If you got an email from the Centers for Disease Control and Prevention or the World Health Organization about the Coronavirus outbreak, would you read it? Maybe click on a link? Cybercriminals are counting on it!

The outbreak is a dream come true for criminals who will use it as basis for email attacks designed to snag personal information, steal money and infect computers with malware.

Coronavirus phishing emails are on the rise. Malicious emails linked to the Coronavirus first appeared in early February, making it one of the first big phishing campaigns of the year.

“A global health disaster like this one, creates a golden opportunity for fraudsters, as there is no population or demographic that is not paying attention. As a result, the potential for impulse clicking is higher than normal,” said Adam Levin, a digital security expert who is chairman of CyberScout, a data security firm, and the author of “Swiped: How to Protect Yourself in a World Full of Scammers, Phishers and Identity Thieves.”

The bogus emails look legit

Coronavirus Phishing Emails may look legit, but they’re not!

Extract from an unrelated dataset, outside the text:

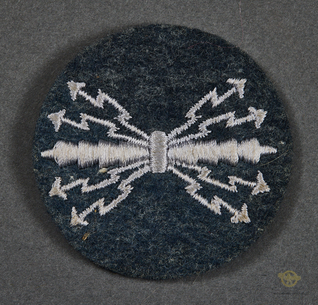 German WWII Luftwaffe Qualified Radio Operator Patch-This is produced in blue gray badge cloth with white machine embroidered arrows. This is not piped. This patch is unissued and excellent.

Those who click on the provided link in the email will wind up on a site created by criminals to steal the victims’ email credentials.

With the current Coronavirus phishing emails, fraudsters are designing their emails to look like they’re coming from the CDC or the WHO. They typically have an attention-grabbing subject line, such as “Coronavirus outbreak in your city (Emergency)” and often include the agency’s logo — cut and pasted from the real website — to add credibility.

At first glance, the sender’s email address appears to be legitimate, for example cdc-gov.org or cdcgov.org. The crooks create domains that are very close to the real CDC site — cdc.gov — making the deception easy to miss.

Even though the link looks like it will take you to the CDC.gov website about the Coronavirus, it will not.

You will instead, land on a fake Microsoft Outlook login page, created by the crooks to steal user names and passwords. Criminals control this fake Outlook page. There is no reason to provide login credentials to visit a public website, such as the CDC.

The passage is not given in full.